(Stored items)
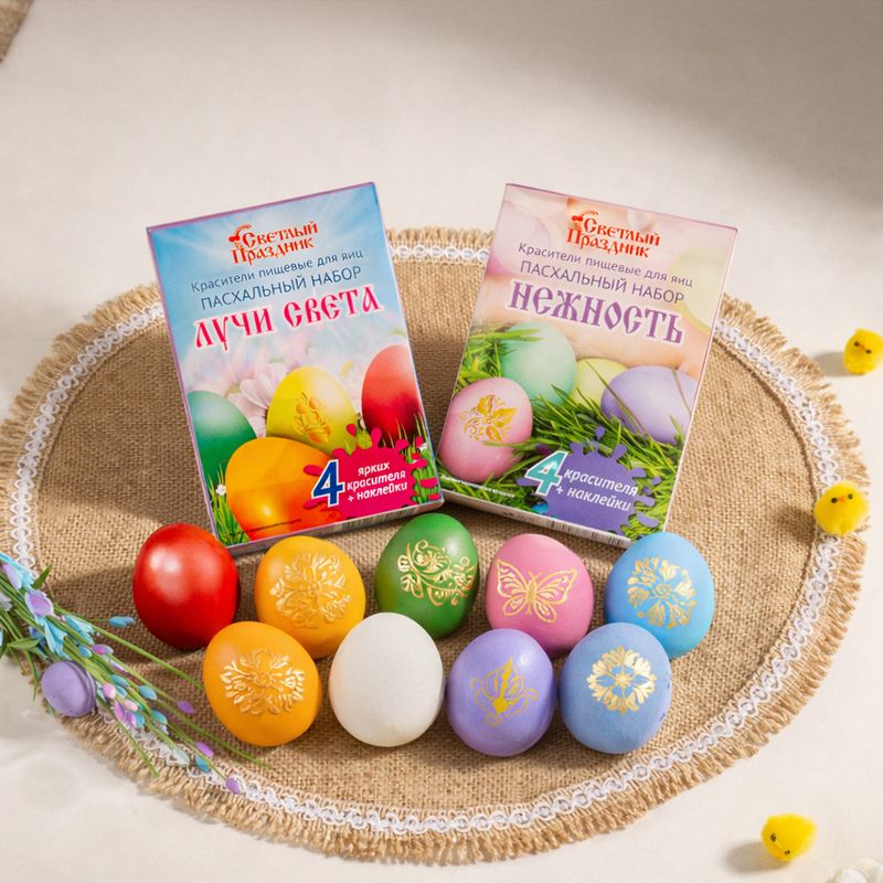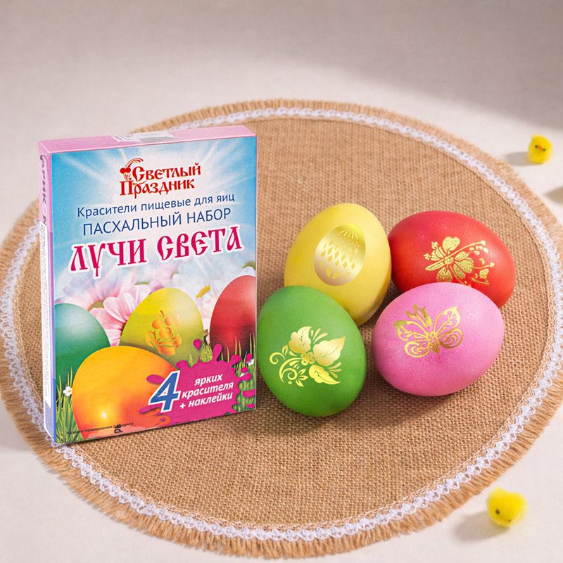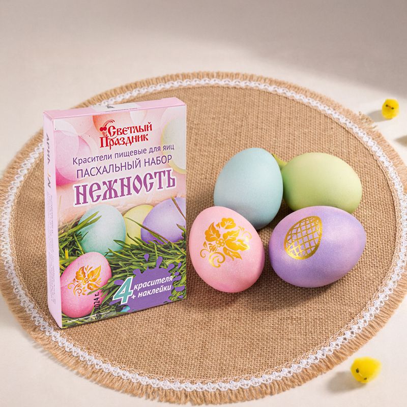 Пасхальный набор "Нежность", Светлый праздник, поможет украсить одно из главных угощений праздника. Перед использованием ознакомьтесь с инструкцией и мерами предосторожности на упаковке. Внутри 4 красителя разных цветов и декоративные наклейки. Товар представлен в ассортименте.
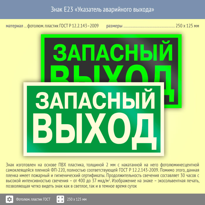 Знак E23 «Указатель запасного выхода» (устаревший) (фотолюминесцентный пластик ГОСТ 34428-2018, 250х125 мм) в Хотьково купить
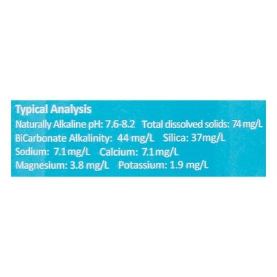 Typical Analysis: Naturally Alkaline pH: 7.6-8.2. Total dissolved solids: 74 mg/L. Bicarbonate Alkalinity: 44 mg/L. Silica: 37 mg/L. Sodium: 7.1 mg/L. Calcium: 7.1 mg/L. Magnesium: 3.8 mg/L. Potassium: 1.9 mg/L. Naturally alkaline electrolytes. Deep well water. Premium by nature. Waiakea Volcanic water originates in Hawai’i through both snowmelt and rain on the pristine summit of the active Mauna Loa volcano - one of the purest environments on Earth. Live Healthy: Filtered through Porous Volcanic Rock Natural Electrolytes and Minerals Naturally Alkaline. Live Sustainably: 393 Mill gal/day Source Sustainable Yield 100% Post Recycled Eco-bottle Certified CarbonNeutral. Live Ethically: For every liter you buy, Waiakea provides a week's supply of clean water to those in need while contributing to local Hawaiian non-profits in education and conservation. Kama’aha education initiative. Pump Aid water for life. Keiki steps a program by inpeace. Source: Kea'au Aquifer. waiakeasprings.com. For more information and to obtain additional consumer information relating to water quality, Including a bottled water report contact Waiakea at 1-855-WAIAKEA or visit waiakeasprings.com. BPA Free. Save the planet please recycle.
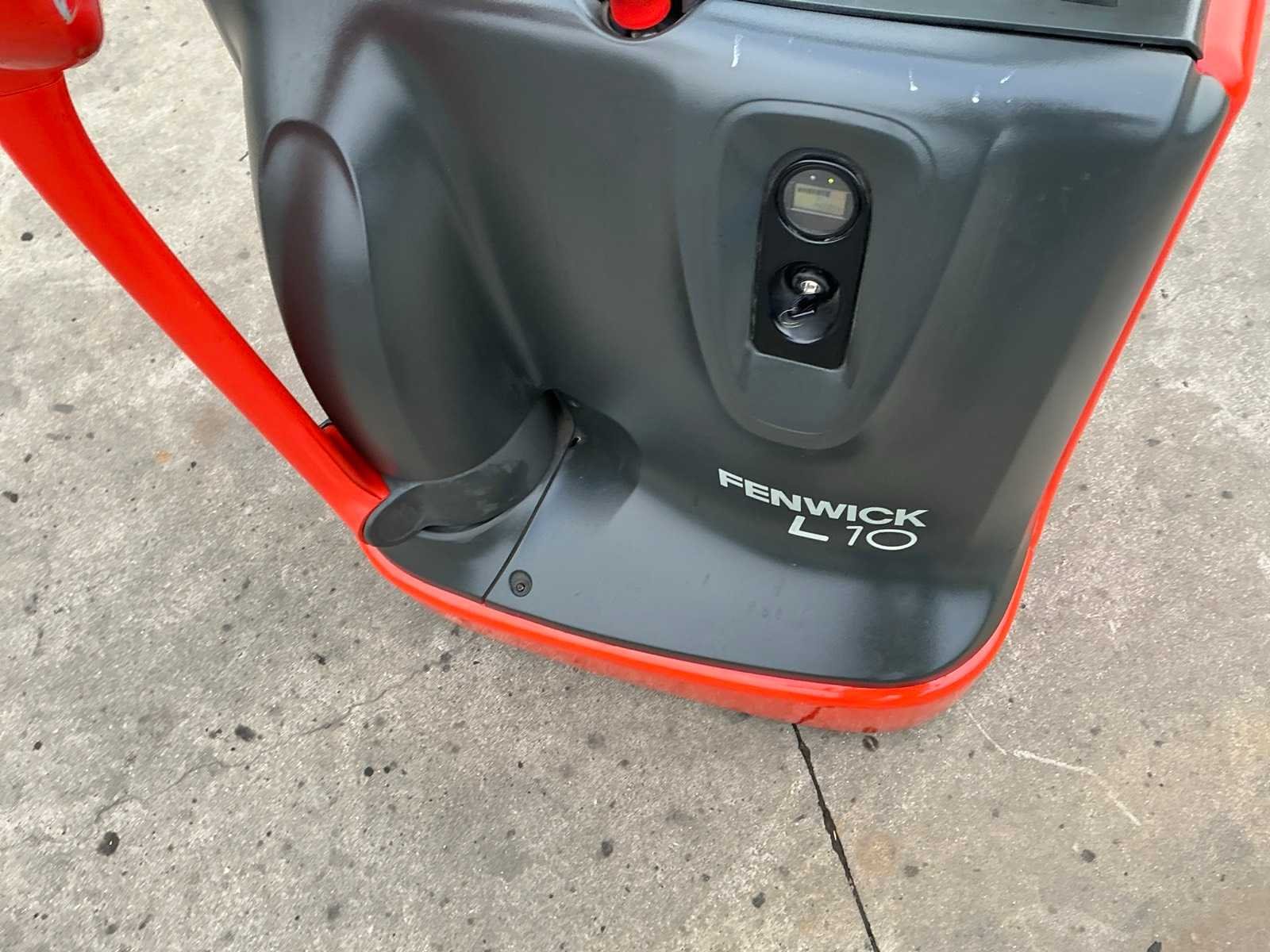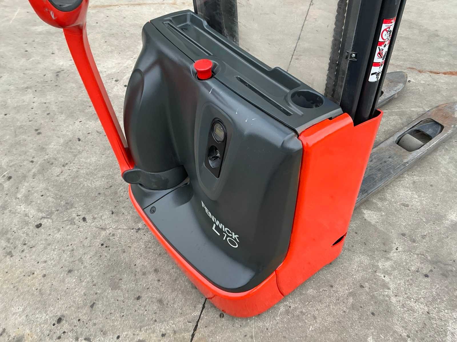 Accu leeg , niet oplaadbaar Nee Merk: Fenwick Type: L10 Bouwjaar: 2019 Serienummer: F21172V01495 Hefvermogen: 1000kg Hefhoogte: 3950mm Lepellengte: 1150mm Afgelezen urenstand: 1420 Eigen gewicht: 900kg Totale afmeting L: 1700mm Totale afmeting Breedte: 800mm Totale afmeting Hoogte: 2400mm
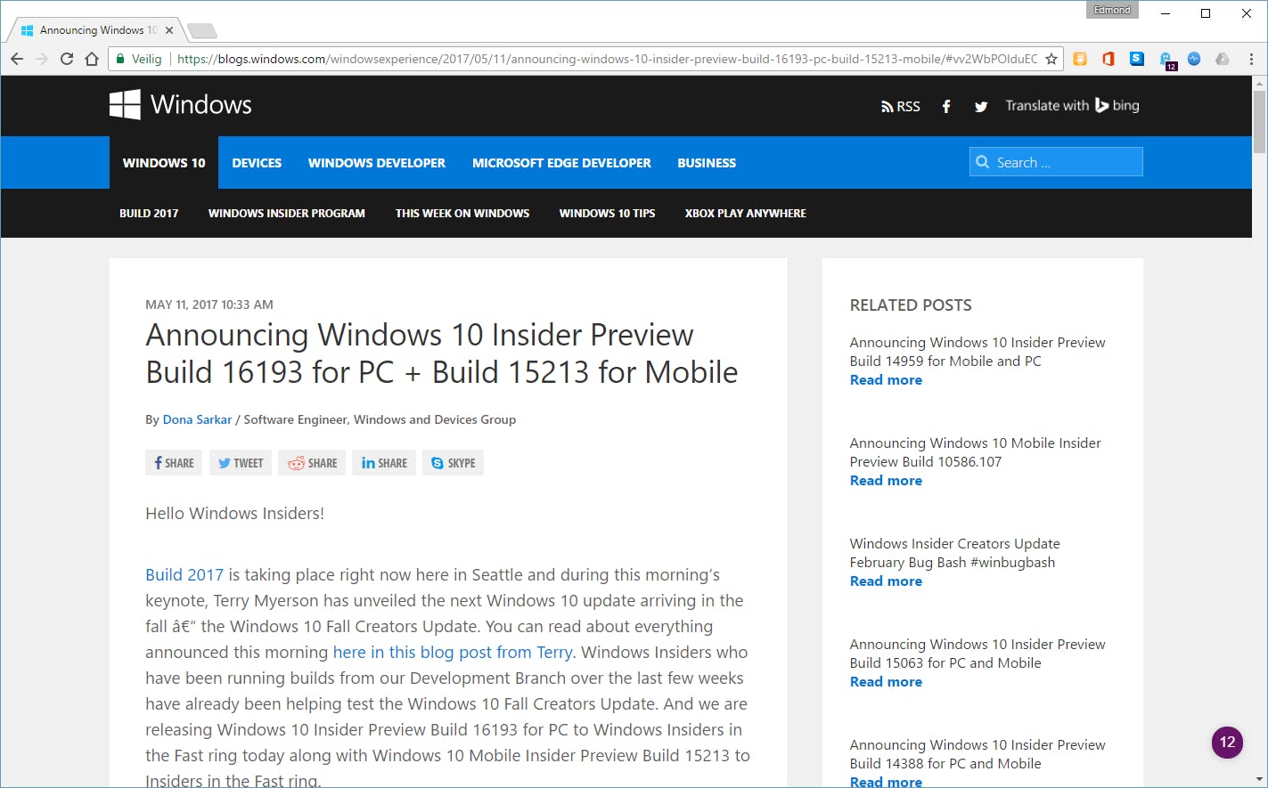 Nog maar enkele jaren geleden werkte Microsoft jarenlang in het grootste geheim aan een nieuwe versie van Windows om die dan in één keer en met veel tromgeroffel uit te brengen. Die dagen zijn voorbij. Aan Windows 10 wordt nu continu gewerkt en de ontwikkelaars brengen vaak meermaals per dag een nieuwe versie van het besturingssysteem uit. De meeste versies zijn alleen voor intern testwerk, maar steeds vaker komen sommige van deze versies ook gewoon beschikbaar voor iedereen die graag met de nieuwste Windows wil werken. Microsoft heeft er zelfs een speciaal project van gemaakt: het Windows Insider-programma. Zit je in dat programma, dan krijg je regelmatig een update die gewone Windows-gebruikers niet krijgen, waarna je de nieuwste versie van Windows op jouw pc hebt staan, rechtstreeks uit de softwarefabriek van Microsoft.
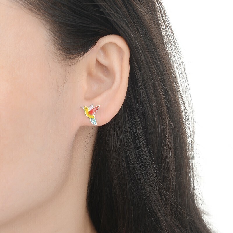 Aros de Plata 925 con forma de Colibrí esmaltado en color. Un regalo especial!
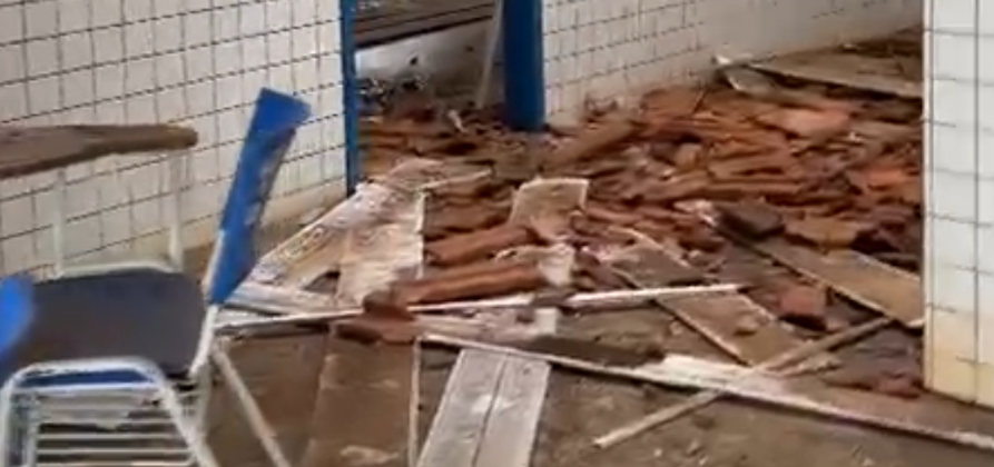 Vídeos que circulam nas redes sociais mostram um cenário alarmante, telhado cedido, forro destruído, ventiladores no chão e uma grande quantidade de entulhos espalhados pelo corredor principal da unidade. As imagens causaram revolta e indignação na população.
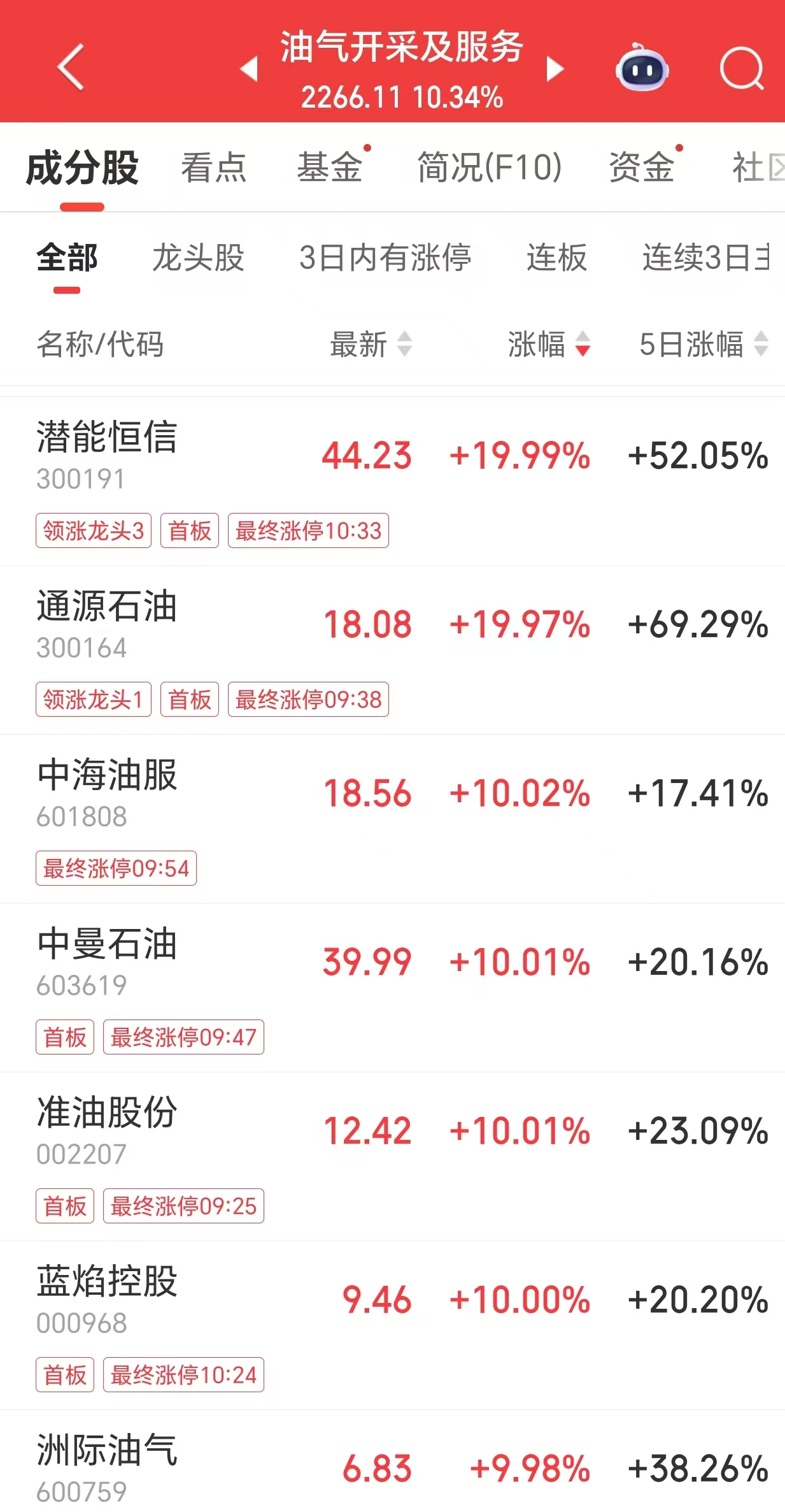 同日,国内油气板块掀涨停潮。潜能恒信、通源石油、中海油服、中曼石油、准油股份、蓝焰控股、洲际油气等多股涨停。此外,中国石油上涨6.72%,中国石化上涨2.63%,中国海油上涨9.92%。

Required action
From the line containing "Vídeos que circulam" down to the last line of the entries above, retype each line exactly as it stands, but skip the pictures.

Result below
 Vídeos que circulam nas redes sociais mostram um cenário alarmante, telhado cedido, forro destruído, ventiladores no chão e uma grande quantidade de entulhos espalhados pelo corredor principal da unidade. As imagens causaram revolta e indignação na população.
 同日,国内油气板块掀涨停潮。潜能恒信、通源石油、中海油服、中曼石油、准油股份、蓝焰控股、洲际油气等多股涨停。此外,中国石油上涨6.72%,中国石化上涨2.63%,中国海油上涨9.92%。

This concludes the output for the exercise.